Sunanda K. Datta-Ray in The Telegraph:
This latest development presents India with a stark challenge. The desecration of St James Church in Bangalore, the murder of a nun and priest in Uttarakhand, rape, lynchings, vandalism, and the bomb blasts only three days before Id-ul-Fitr in Muslim-dominated towns suggest one of two explanations. Either they reflect a spreading popular mood or they are the handiwork of criminals. The state must decide and respond accordingly.
Happily, there are still pockets of tranquillity left in the country. No echo of violence in Kandhamal or Karnataka or of explosions in Mehrauli, Malegaon and Modasa disturbs the serenity of Guwahati’s Ward Memorial Church. In a further manifestation of the secularism that Jawaharlal Nehru dreamt of but Indira Gandhi institutionalized with her controversial 42nd amendment, the pastor is called Aziz-ul Haque.
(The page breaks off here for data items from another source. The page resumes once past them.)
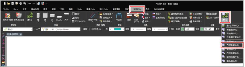 [建築躯体]タブの[通り芯]プルダウンメニューから、[円弧壁(躯体化)]コマンド(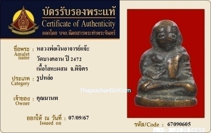 หลวงพ่อเงิน วัดบางคลาน อาจารย์แจ๊ะ เนื้อโลหะผสม ปี2472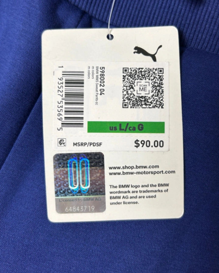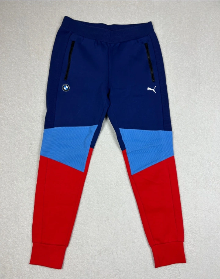 Men's BMW Motorsport Puma sweatpants. Navy blue, red, and light blue colourblocked design. Features zippered pockets. Size large.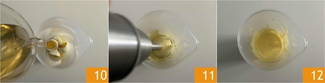 Add the vegetable oil 10, then blend everything with the immersion blender 11 until you get a fluffy, soft, and uniform mixture 12.

Yet, recalling the charges that were levelled against missionaries during Assam’s “Bangal kheda” movement long before the illegal influx from East Pakistan or Bangladesh, the American Baptist, William Ward, after whom the church was named long after his death in 1873, might have met Graham Staines’s fate if he had been living today and happened to be in the wrong place at the wrong time.